In light of the precision remark above I am tempted to just say "yes." 
;-) (could not resist)

The TMDM specifies some merging rules and does not say that other 
merging rules have to be specified by TMCL but may are "freely allowed." 
If it is going to have merging rules, then it should have a mechanism 
for disclosing other merging rules that are "freely allowed."

If TMCL takes, I don't know, another year to complete (random guess), 
does that mean that applications may have non-disclosed merging rules 
embedded in them? Is there a way to avoid non-disclosed merging rules?

> | As you say, the TMDM limits the values of X that I can talk about for 
> | both A and B, and it does not cover "X is true of A and Y is true of B."
> Neither does it cover "X is true of both" for anything other than
>   X = (same name of same type) | (same occurrence of same type).
> However, this is simply a generalization (and "optionalization") of
> the old topic naming constraint, which the majority of the committee
> wanted to do away with. It was never intended to cover arbitary
> merging rules, only those that correspond to OWL's "unique-property".
> | Whether we will eventually agree on the details of those limits remains 
> | to be seen, but I see them as being imposed by a particular 
> | implementation strategy and not inherent in the nature of topic maps. Do 
> | you disagree?
> We ought to be able to agree on the details of the limits, because
> if we can't it means that the standard doesn't specify them clearly
> enough. (Either that or you and I are not smart enough.)
> I don't understand what you mean by "a particular implementation
> strategy". Can you be more explicit?
Take the topic item equality rules for example.

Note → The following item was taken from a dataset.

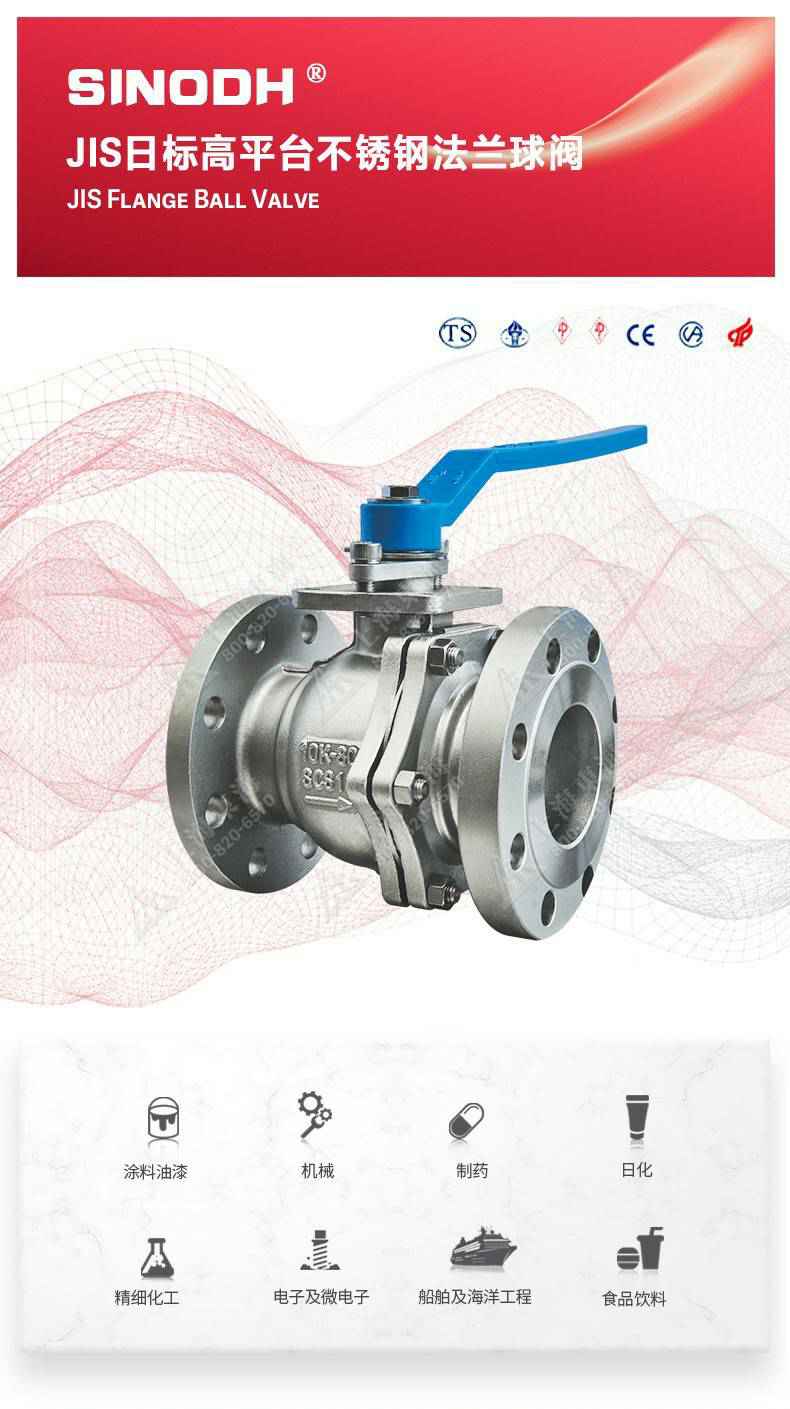 JIS日标高平台不锈钢法兰球阀,为kaiyun·开云官方站登录入口-KaiYun开云(中国)自主研发生产本产品设计制造标准符合J1 SB2071标准,该产品的球体(密封件)是浮动的,在介质压力作用下,球体能产生-定的位移并紧压在出口端的密封面上,保证出口端密封。适用于水、溶剂、酸和天然气等一般工业介质,也适用于工况恶劣的介质,如氧气、过氧化氢、乙烯等介质。

Other than the reified properties, topics are deemed equal on the basis 
of a variety of locator items.

Locator items (well locators anyway) are defined as:

3.11 locator
a string conforming to some locator notation that references one or more 
information resources

That certainly is one implementation strategy for determining the 
identity of a subject. Compare the locators to see if they point to the 
same place. If they do then the two topics are equal.

Another implementation strategy would be to resolve the locators and 
compare the content or results of operations on the content of what is 
found with the locators.

Another would be to have additional properties for topics and to base 
merging on those additional properties. (Properties here not being 
locators as defined above.)

This is not meant to be exhaustive.

> That applications *need* to apply additional rules in certain
> circumstances is beyond any doubt (we do it all the time in our
> applications). I've given some examples in my original posting.
> Are they sufficiently representative or do you have more?

Hate to defer again but I am in the final stages of editing the TMRM use 
case document that will appear on Monday.

I will answer your original questions, which seem to have gotten lost in 
the flurry of emails, as well as comment on your examples and offer 
others starting early next week. (I anticipate it will take more than 
one or two emails to cover them in any detail.)

Hope you are having a great day!


> Steve
> --
> Steve Pepper <pepper@ontopia.net>
> Chief Strategy Officer, Ontopia
> Convenor, ISO/IEC JTC 1/SC 34/WG 3
> Editor, XTM (XML Topic Maps 1.0)
> _______________________________________________
> sc34wg3 mailing list
> sc34wg3@isotopicmaps.org
> http://www.isotopicmaps.org/mailman/listinfo/sc34wg3

Patrick Durusau
Director of Research and Development
Society of Biblical Literature
Chair, V1 - Text Processing: Office and Publishing Systems Interface
Co-Editor, ISO 13250, Topic Maps -- Reference Model

Topic Maps: Human, not artificial, intelligence at work!